State's Exhibit 11, admitted into evidence at trial without objection, was Officer Nacino's sworn statement of probable cause for Hewitt's arrest. Officer Nacino stated:
[Hewitt] stated she was the operator of [the truck]. [Hewitt] had slow speech, when asked question[s] [Hewitt] would go off topic and ramble on about things unrelated
to [the] question. [Hewitt] appeared to be disoriented and was unaware of injuries sustained from traffic casualty. This lead [sic] me to believe [Hewitt] was under the influence of drugs and or alcohol.

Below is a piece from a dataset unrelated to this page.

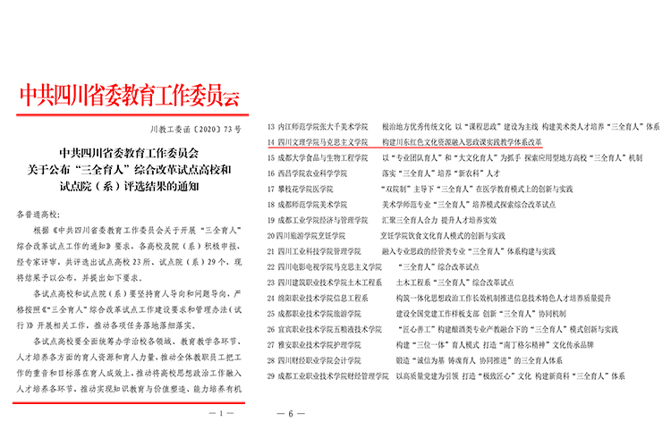 近日,省委教育工委公布了“三全育人”综合改革试点高校和试点院(系)评选结果,pp电子马克思主义学院成功入选四川省“三全育人”综合改革试点院系。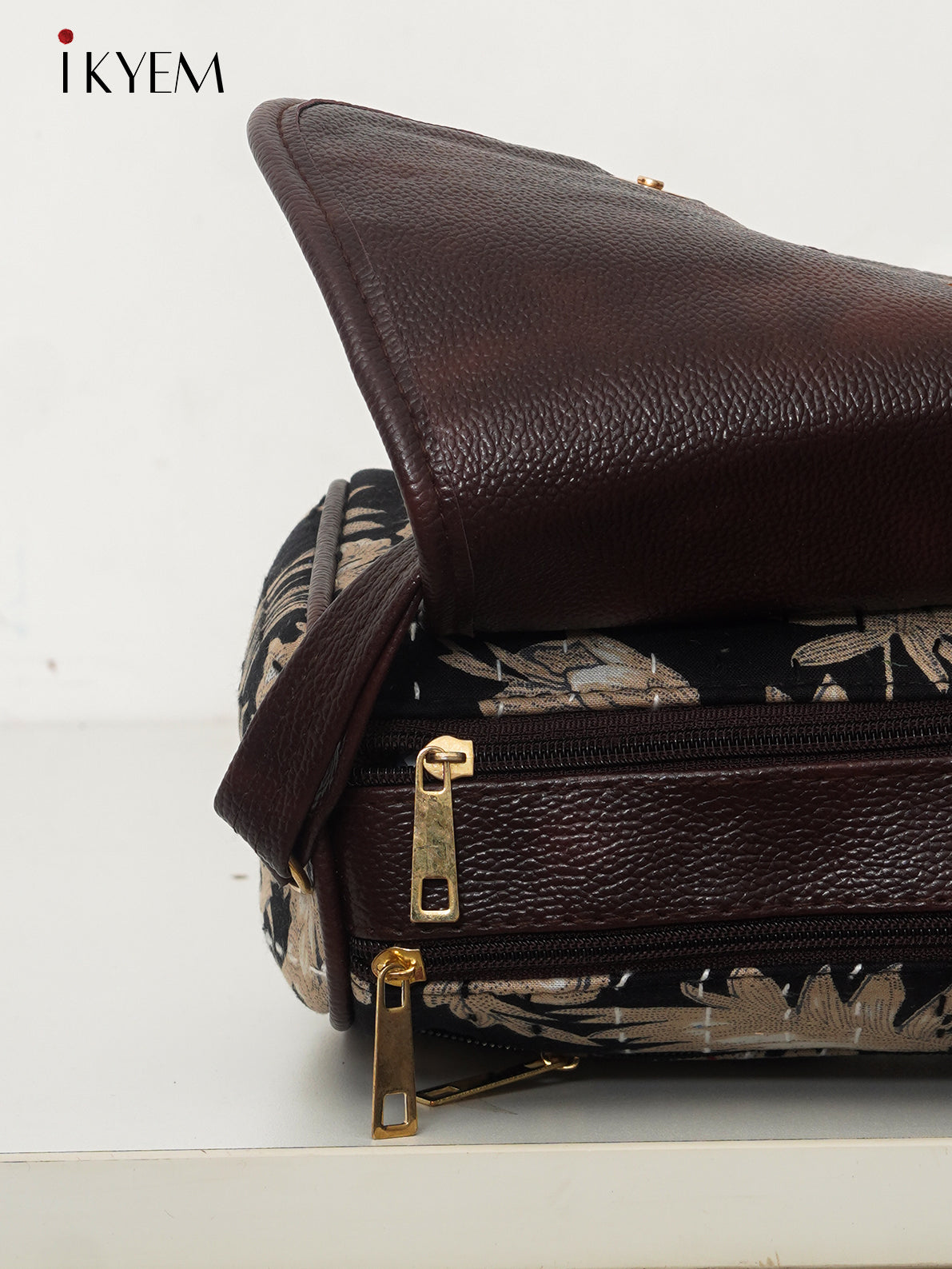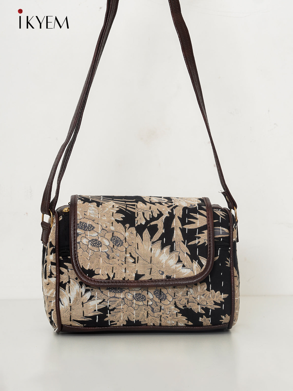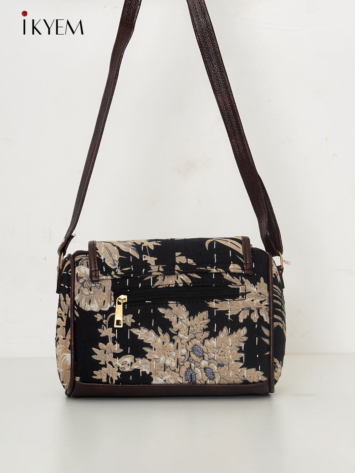 Elegant Black  Ajrakh Handbags, designed for the modern woman on the go. These vibrant bags, adorned with eye-catching floral patterns, effortlessly transition from a chic handbag to a convenient sling bag, adapting to your needs and occasions.

Officer Nacino did not testify that he detected an odor similar to that of an alcoholic beverage on Hewitt's breath or body. There was no evidence that empty or open containers of liquor, or a bar or restaurant tab or other receipt evidencing the recent consumption of alcohol, were found in the cab of Cyrus Hewitt's truck, or with Cyrina Hewitt's identification card. Hewitt's apparent disorientation could have been explained by a concussion (as evidenced by Hewitt's significant head trauma ). Although she knew who she was, she did not know where she was. There was no evidence that Officer Nacino attempted to determine if Hewitt was oriented to time (as one would to attempt to diagnose or rule out a concussion). Hewitt's disorientation could also have been the result of prescription medication administered to her in the hospital emergency room. Under the totality of these circumstances, it would not have been unreasonable for a judge to require more information before issuing a warrant for a blood draw. There was no evidence that Officer Nacino, Officer Sugata, Sergeant Rose, or any other police officer attempted to contact a judge to obtain a warrant before requesting the blood draw. We hold that the State failed to adequately develop the record to demonstrate the existence of exigent circumstances that would have justified Officer Nacino requesting a warrantless blood draw. The district court erred in denying Hewitt's motion to suppress the blood test results.
CONCLUSION
Based upon the foregoing, the "Judgment and Notice of Entry of Judgment" entered by the district court on May 20, 2016, is vacated. This case is remanded for a new trial consistent with this opinion.